Share

Bab 4

“Rama, nanti ada satu temen gue sama Caca ikut juga ya.. Sekalian, belum ketemu sama kami juga soalnya. Besok gue udah langsung ke Bandung lagi kan,” kata Fadhil di telepon.

Aku mengiyakan perkataannya dan berencana melanjutkan tidur siang karena kepalaku masih sakit. Sekarang pukul 11, aku akan bangun pukul 2 dan bersiap-siap, pikirku. Kurebahkan lagi tubuhku yang tadi sempat bangun tiba-tiba karena panggilan telepon.

Aku bermimpi bertemu dengan Ayah di suatu tempat yang tidak kukenal. Ruangan itu bernuansa biru dengan detil-detil yang samar. Aku hanya melihat Ayah berdiri di tengah dengan banyak sekelebatan seperti orang-orang berjalan hilir mudik. Yang jelas bagiku hanya Ayah. Ia memakai kemeja putih dan celana coklat favoritnya. Aku tidak begitu memperhatikan sepatunya karena agak samar. Wajahnya persis seperti Ayah namun kelihatan lebih muda dan bahagia. Tidak ada guratan lelah ataupun sakit, hanya ada wajah yang segar. Ayah melihat ke arahku dan tersenyum haru. Aku meneteskan air mata dan begitupun dengannya.

Ini berlangsung cukup lama. Ada keinginan untuk berjalan mendekat ke arahnya namun di hatiku seperti ada yang berkata, “bicara saja dari sana, Ayah dengar Rama." Dengan suara yang persis seperti Ayah. Kemudian aku ingat cara ketika aku biasanya berbicara dengan Ayah dalam hati, seperti yang baru kulakukan tadi di toilet kampus.
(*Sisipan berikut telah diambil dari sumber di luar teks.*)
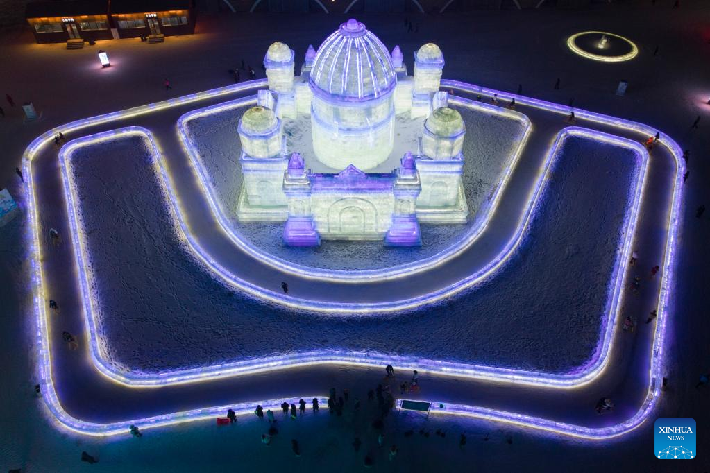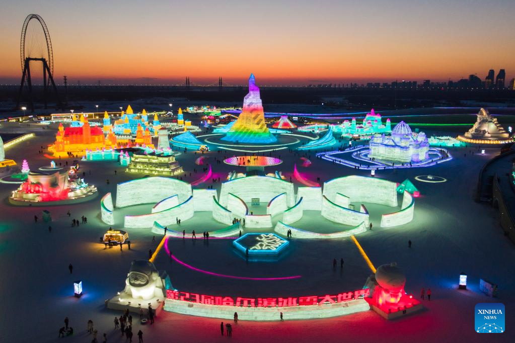 Aerial photo shows tourists visiting the Harbin Ice-Snow World in Harbin, northeast China's Heilongjiang Province, Feb. 27, 2022. The 23rd Harbin Ice-Snow World closed on Sunday. (Xinhua/Xie Jianfei)
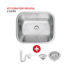 Tanque Em Inox De Encaixe Hera 50x40cm 3.1/2' Com Válvula 94400/107 Acetinado Tramontina com Sifão Sanfonado Universal Simples 1.1/2"

Ayah, aku rindu sama Ayah. Ayah baik-baik saja kan kabarnya? (Sebenarnya aku sudah tau bahwa Ayah baik-baik saja, dapat dilihat dari keadaannya sekarang). Ibu, Rama, Rania, dan Salsa baik-baik kok, Yah. Kami masih bisa hidup dari uang pensiunan Ayah. Ohya, aku belum sempet cerita mengenai Salsa. Sebentar lagi Salsa ulang tahun yang ke-17. Dia sih engga minta  dirayain, tapi aku tau di lubuk hatinya, ia ingin ada perayaan, walaupun sederhana. Ayah tenang aja, aku sudah siapkan uangnya untuk Salsa kok. (Aku melihat setitik haru di wajah Ayah). Nanti Ayah dateng ya ke ulang tahunnya Salsa. Seperti yang dulu Ayah lakukan juga di ulang tahunku yang ke-17. (Aku ingat Ayah pernah datang ke mimpiku tepat di hari ulang tahunku yang ke-17). (Ayah mengangguk pelan). Ayah, Ibu juga baik-baik saja di sini. Kelihatan lelah tapi juga bahagia ketika kami semua pulang ke rumah. Ayah juga jagain Ibu dari Surga kan? (Ayah mengangguk pelan). Iya, pasti Ayah akan jagain cinta di dalam hidup Ayah ya.. (Aku terdiam sejenak). Ayah, aku jadi penasaran, kira-kira istriku di masa depan itu siapa ya? Ia akan seperti apa? Ayah tau engga? Apakah ia akan seperti yang kubayangkan?

Tiba-tiba saja seperti ada angin yang bergerak ke arahku, mengaburkan pandanganku dari Ayah. Dan sesaat lamanya, aku mendengar suara Ayah berkata lembut, “Ayah sudah tau, Rama. Kalian berdua berjalan saling mendekat.” Seketika itu juga aku terbangun karena alarm di ponselku menyala. Tepat pukul 14:00. Memang sudah saatnya aku bangun.

Kafe yang akan kami kunjungi tidak begitu jauh dari tempat kos-ku. Jadi setelah mandi dan bersiap-siap, kuputuskan untuk jalan kaki saja ke sana. Sekarang masih pukul 14:30, dan aku terbiasa untuk datang lebih cepat dari rencana awal bertemu, mengantisipasi ada kejadian yang tidak terduga atau tiba-tiba hujan di jalan. Dan benar saja, hujan di jalan.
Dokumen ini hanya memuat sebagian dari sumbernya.